+++ Given records +++

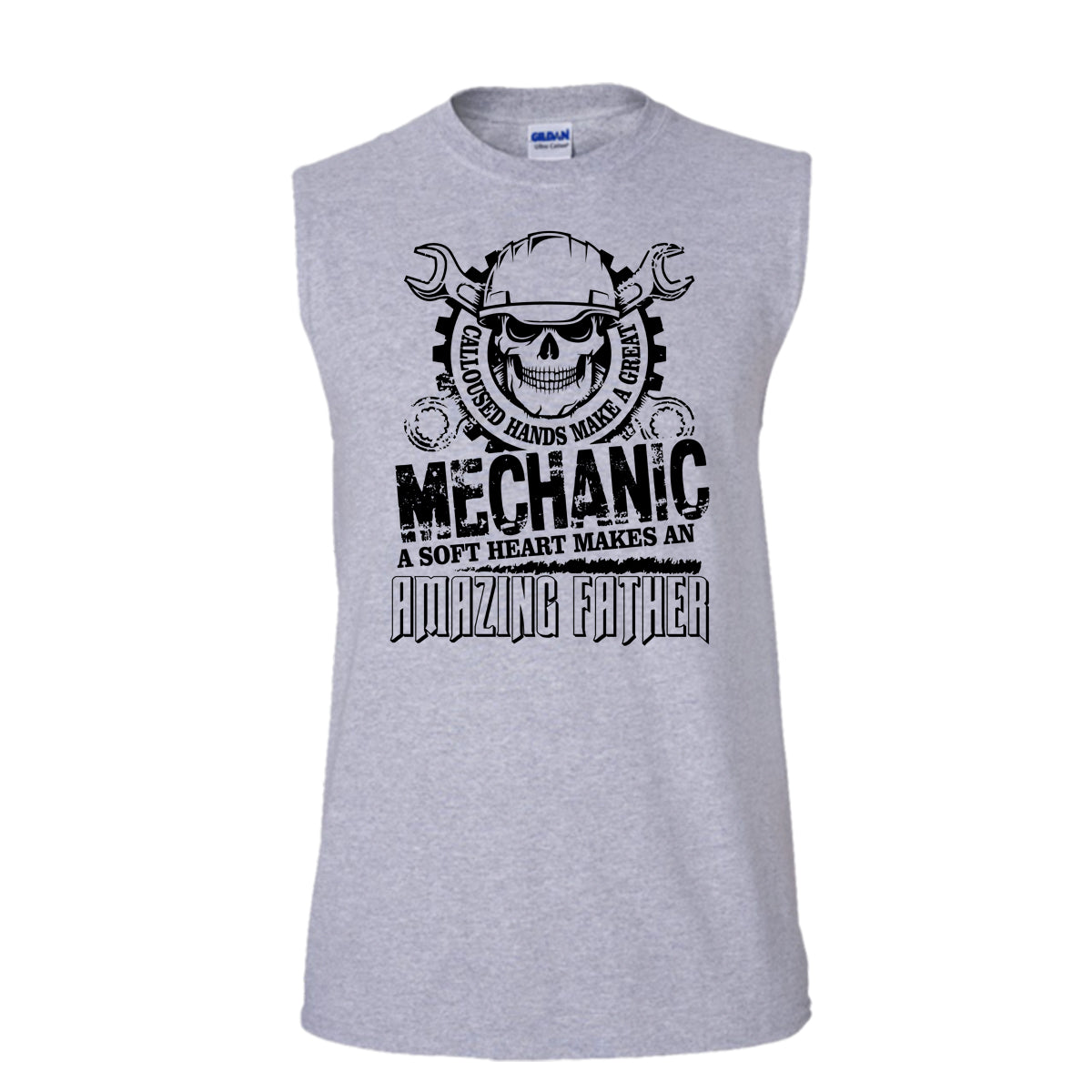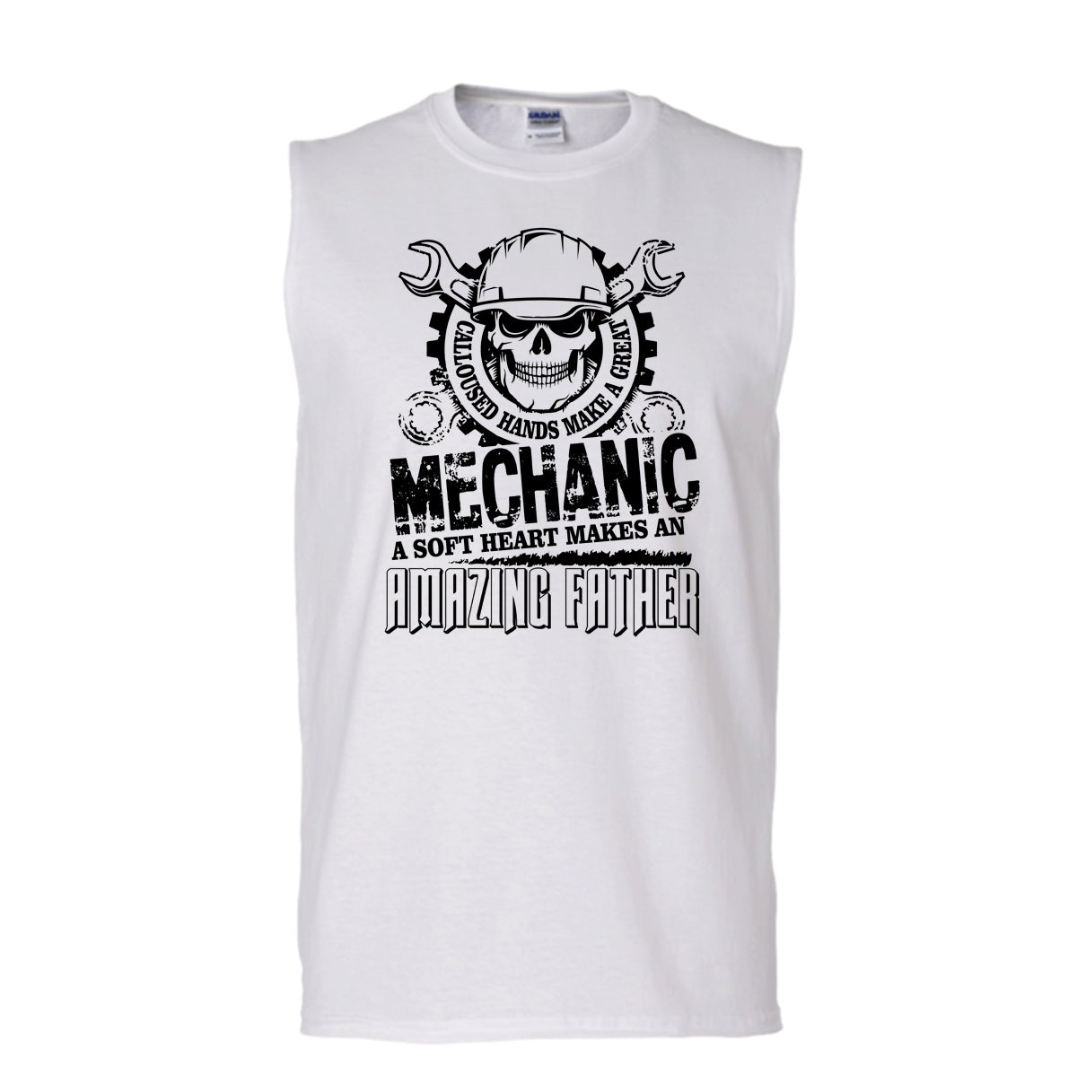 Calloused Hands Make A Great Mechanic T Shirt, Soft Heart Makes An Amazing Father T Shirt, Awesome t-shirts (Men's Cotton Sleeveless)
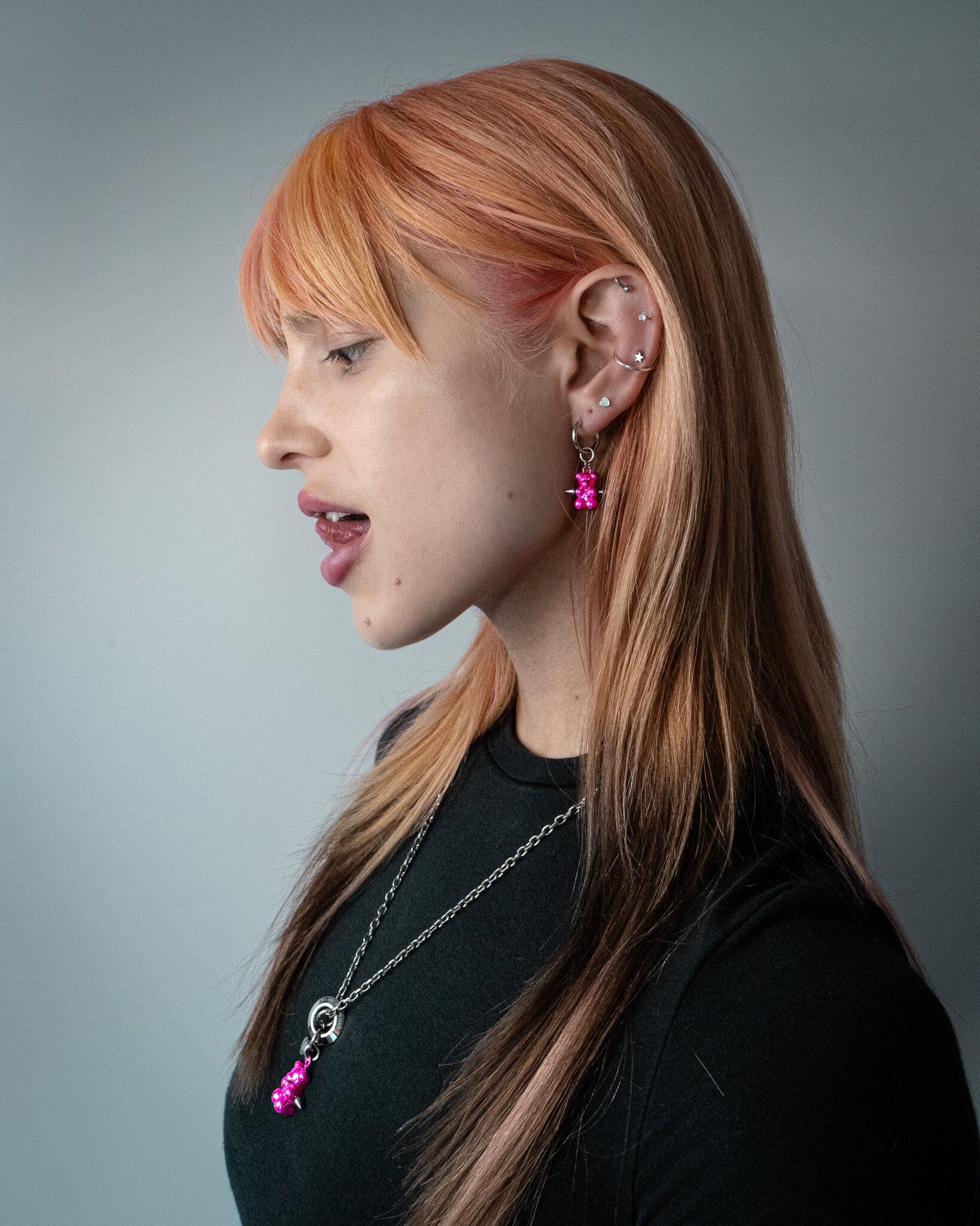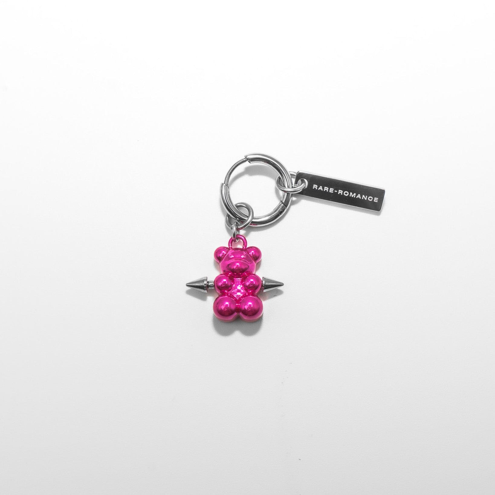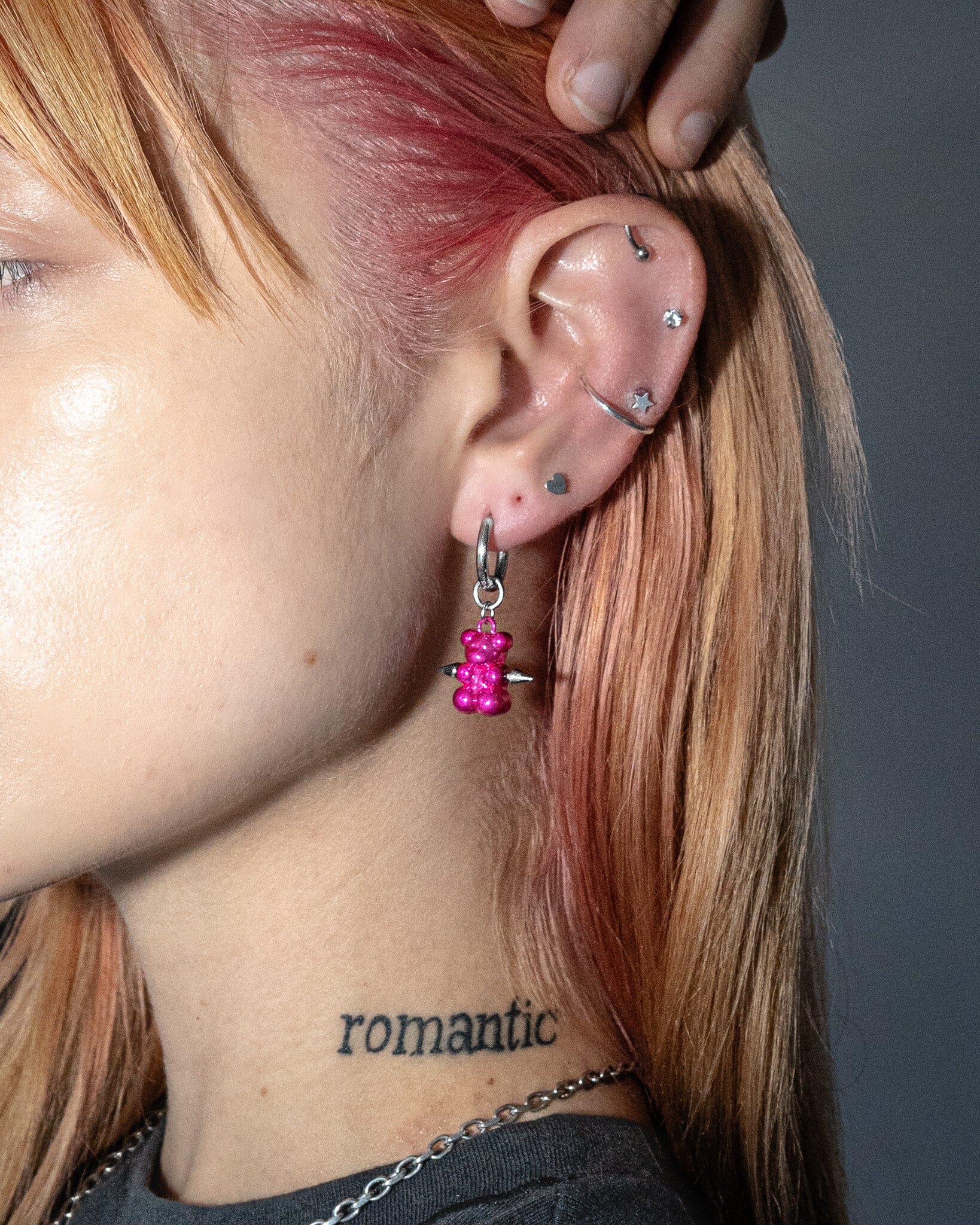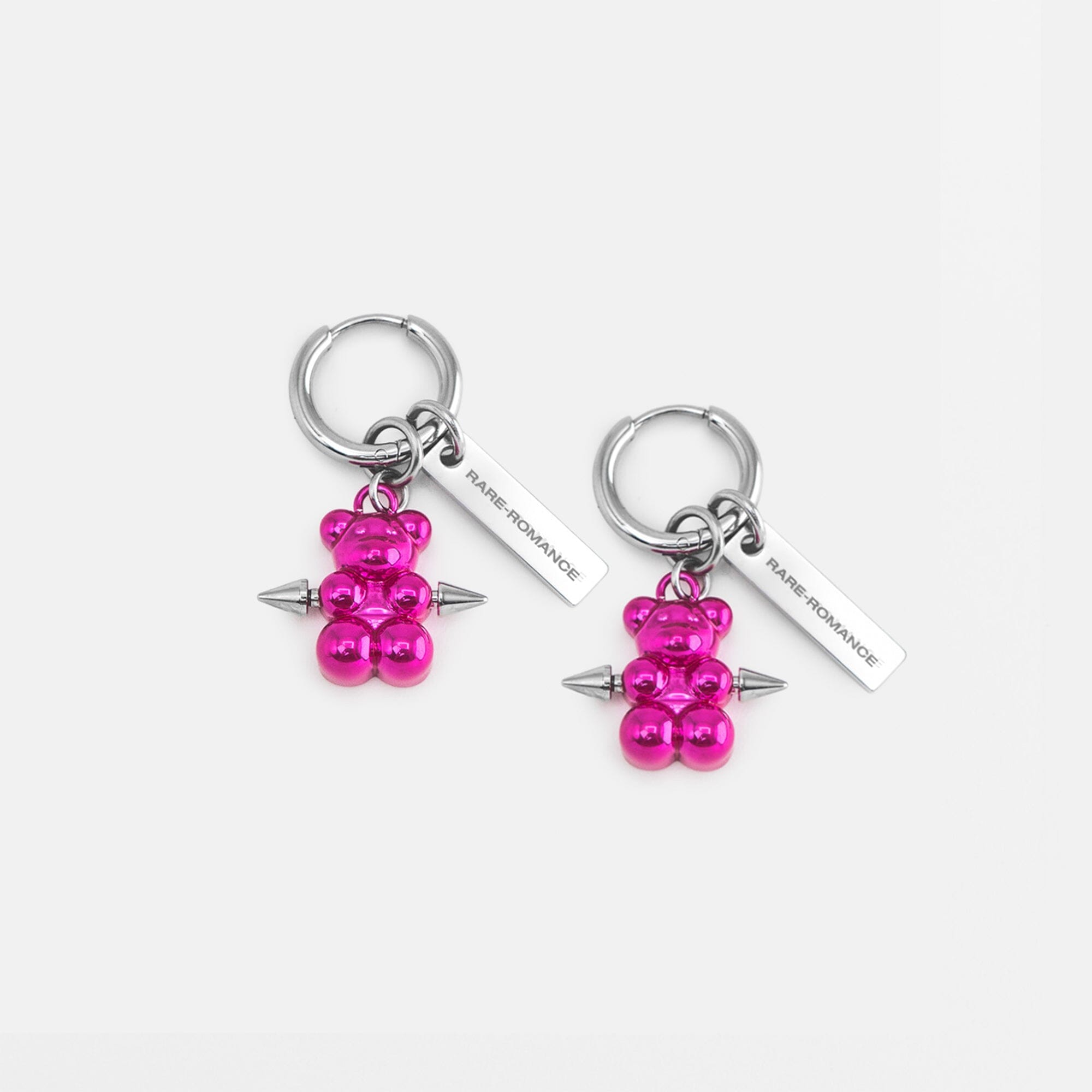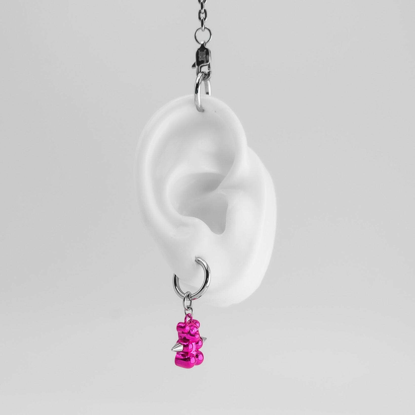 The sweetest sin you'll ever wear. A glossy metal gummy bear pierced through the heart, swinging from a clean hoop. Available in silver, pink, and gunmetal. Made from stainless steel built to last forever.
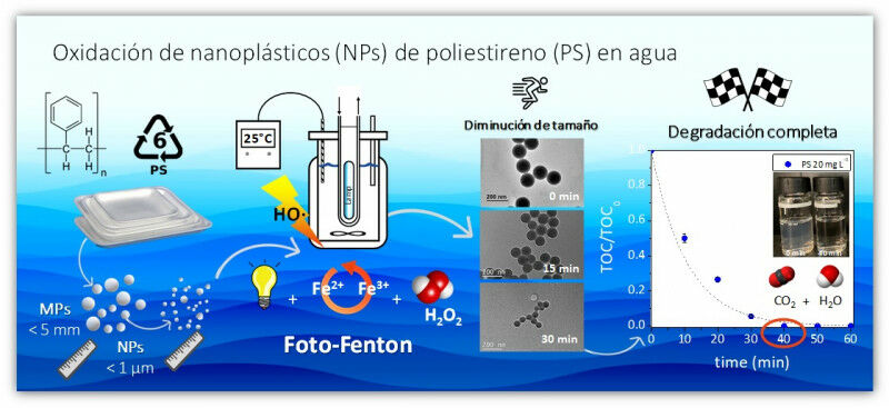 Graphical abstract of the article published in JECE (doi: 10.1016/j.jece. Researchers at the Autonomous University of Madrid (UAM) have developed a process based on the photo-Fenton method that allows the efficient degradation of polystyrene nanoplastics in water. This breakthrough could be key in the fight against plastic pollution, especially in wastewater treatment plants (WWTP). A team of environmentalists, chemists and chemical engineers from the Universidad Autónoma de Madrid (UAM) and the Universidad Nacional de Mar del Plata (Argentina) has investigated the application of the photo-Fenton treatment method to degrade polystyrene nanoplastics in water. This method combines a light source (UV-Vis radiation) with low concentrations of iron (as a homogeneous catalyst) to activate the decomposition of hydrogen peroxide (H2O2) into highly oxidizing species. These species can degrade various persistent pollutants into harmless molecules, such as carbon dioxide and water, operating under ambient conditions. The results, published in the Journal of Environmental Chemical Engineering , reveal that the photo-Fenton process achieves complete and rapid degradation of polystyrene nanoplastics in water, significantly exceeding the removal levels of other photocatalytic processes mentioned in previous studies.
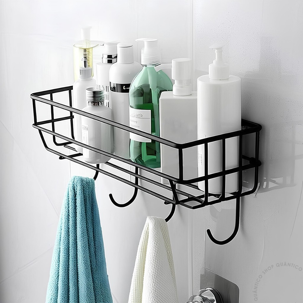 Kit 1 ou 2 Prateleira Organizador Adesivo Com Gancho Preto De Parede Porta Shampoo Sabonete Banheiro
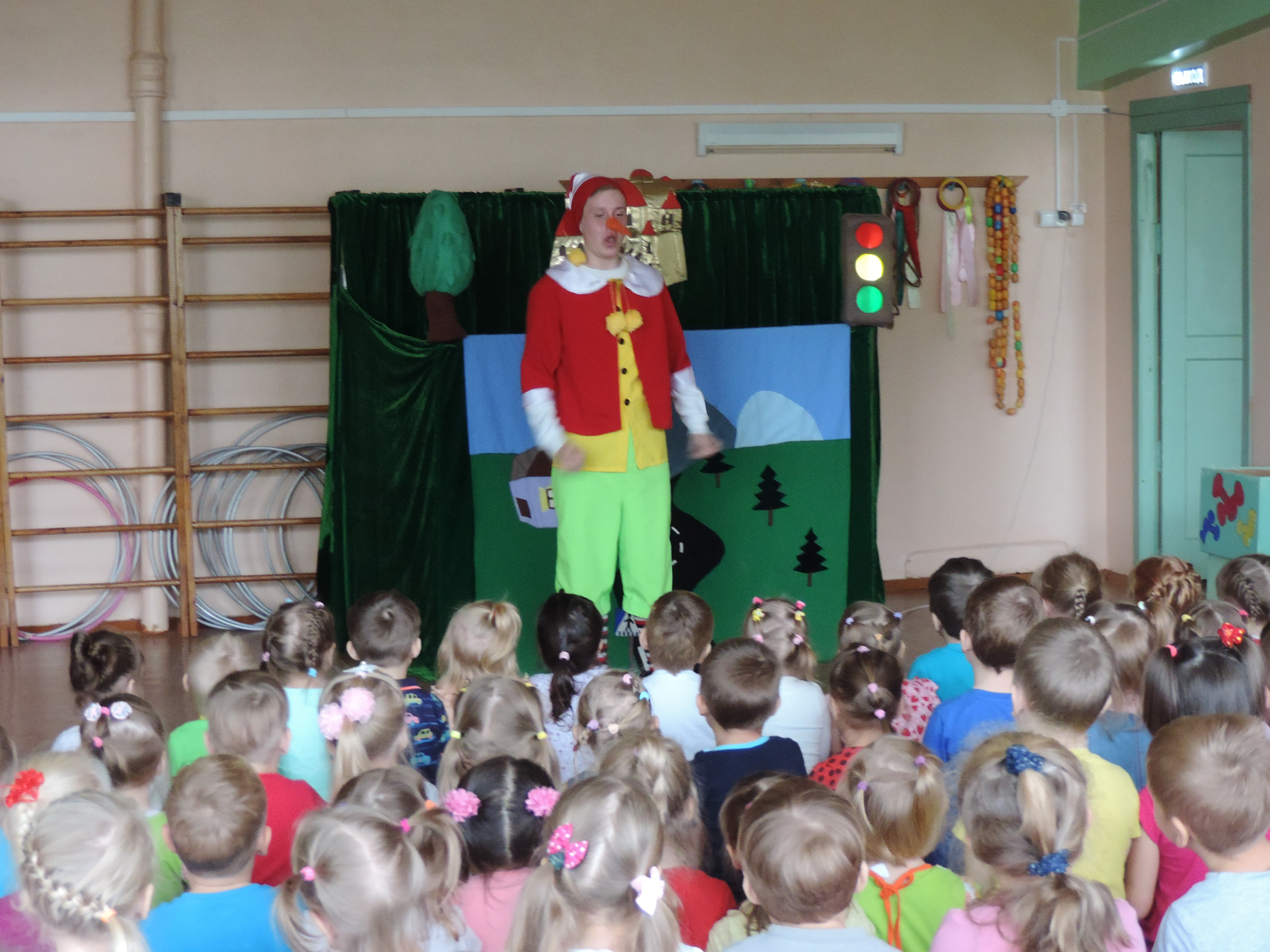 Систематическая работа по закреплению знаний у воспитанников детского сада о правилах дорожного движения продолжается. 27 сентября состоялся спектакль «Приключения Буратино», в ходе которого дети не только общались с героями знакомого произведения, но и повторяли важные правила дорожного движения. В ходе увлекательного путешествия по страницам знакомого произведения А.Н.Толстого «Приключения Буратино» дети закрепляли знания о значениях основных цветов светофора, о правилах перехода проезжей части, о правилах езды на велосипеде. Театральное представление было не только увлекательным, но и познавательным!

+++

## Exercise
Only lines belong in the copy: transcribe those from the start of the data through the line that contains "The sweetest sin", and skip the pictures.

## Answer to this problem
 Calloused Hands Make A Great Mechanic T Shirt, Soft Heart Makes An Amazing Father T Shirt, Awesome t-shirts (Men's Cotton Sleeveless)
 The sweetest sin you'll ever wear. A glossy metal gummy bear pierced through the heart, swinging from a clean hoop. Available in silver, pink, and gunmetal. Made from stainless steel built to last forever.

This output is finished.